The GDPR starts getting enforced in a few weeks. It’s been law for a couple years, but the authorities have given companies time to comply. I know various entities are frantically working towards compliance as I keep getting updates to Terms of Service. My company is among them, and we are diligently ensuring we can prove that we aren’t violating any rules. That’s good because I’m sure fines will reduce any bonus we might earn this year.
As I’ve been reading over the law and talking with customers, I’ve learned quite a bit. Redgate Software builds products to help with compliance and we’re updating guidance and information on how to work with data. As I’ve helped to update information and explain concepts I keep running into the term “pseudonymisation”. If you listen to the podcast, you’ll probably hear me struggle to pronounce it, but more importantly, I was initially confused about what this actually meant.

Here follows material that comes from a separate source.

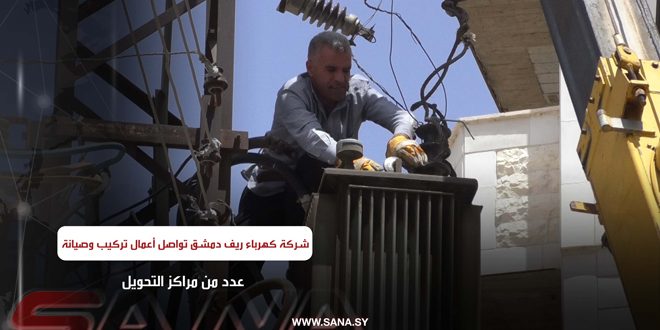 شركة كهرباء ريف دمشق تواصل أعمال تركيب وصيانة عدد من مراكز التحويل وزيادة استطاعة المحولات
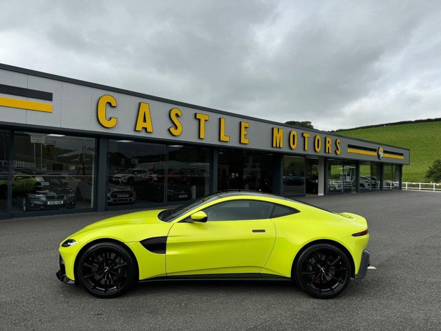 Metallic Lime Essence Paintwork with Alcantara Suede and Leather interior, very high specification Vantage with Quiksilver switchable sports exhaust in Black finish, Gloss Black exterior package, 20 inch Wheels in Black with matching Aston Martin branded calipers, Black roof, Black Satin side grills, Carbon Flash handles, Lime Essence interior finish, Heated and electric memory adjustable seats, 360 degree surround view cameras, Navigation, Vantage embroidered seats, Alcantara Dashboard and headlining, comfort entry, Tech Pack, Premium Audio, Comfort Pack, Glass switches, Sports seats, Tracker and much more. Only 22,500 miles from new with Aston Martin service history, previously supplied & freshly serviced before sale by ourselves. Beautiful condition throughout All of our vehicles are ready for same day drive away. CASTLE MOTORS purpose-built showroom & forecourt has a wide range of cars for sale, including some of the world's most prestigious automobiles. Founded in 1972, we are open 7 days a week. All of our vehicles are presented to the very highest standards possible having gone through our own comprehensive multi-stage preparation. Supplied finance figures are only a guide. Every effort has been made to ensure the accuracy of the above info but errors can occur please check with our sales team. . 20in Alloy Wheels - Vantage - Y Spoke - Silver,ABS - Anti Lock Braking System,ADS - Adaptive Damping System,Airbag - Dual-Stage Driver,Airbag - Dual-Stage Front Passenger,Alarm and Immobiliser,Auto Parking,Automatic Temperature Control with Dual Zone Climate Control,Base Floor Mats,Blind Spot Monitoring,Bonnet Vents - None,Boot Carpet - Obsidian Black,Brake Calipers - Dark Anodised,Cabin Carpet - Primary,Carpet Sill,Centre Console Open Stowage,Decklid Insert - Exterior Body Colour,Door Mirror Caps - Exterior Body Coloured,Door Mirrors - Heated and Electrically Retractable,DSC - Dynamic Stability Control,DTV - Dynamic Torque Vectoring,EBA - Emergency Brake Assist,EBD - Electronic Brakeforce Distribution,Electric 8-way Adjustable Seats,Electric Parking Brake,Electric Power Assisted Steering,Electric Steering Column Adjustment and Cruise Control,Electrically Controlled Exhaust,Electronic Differential - E-Diff,Enamel Wing Badges,Exhaust Tailpipes - Quad - Matte Black,Exterior Body Pack - Graphite,Exterior Door Ha

The Data Protection site from Ireland has a great description of how this differs from anonymisation. You can read through the document, but anonymisation means that the data can’t be some how reverse engineered to find the original data. In terms of privacy, an anonymised set of my data wouldn’t allow anyone to determine the data is about me.
If the data is pseudonumised, data about me would be replaces with a token, but there might be other means of discovering a data set is about me. As an example, in an eCommerce system, you might have an order key in a dev data set that’s copied directly from production. However, my name would be replaced with something else, like Bob Smith. It’s not apparent that it’s my data, but the protection is limited. If the data were anonymised, the order key would be replaced as well to prevent reverse engineering.
Many of us have gotten used to being lax with dev and test data, often just restoring from production. It’s handy, convenient, and allows you to find problems in production or verify changes using known values. The downside of this is that we have poor data security. There are no shortage of data breaches from dev and test systems. Certainly plenty of data has been lost from developer laptops as well. Even if you had your laptop encrypted, there’s no real excuse for using real data in less secure environments.
We need to learn to use anonymised data, and become comfortable with the idea of working on secure data sets. That also means we need the skills to ensure we build good, useful, valid datasets with production-like characteristics.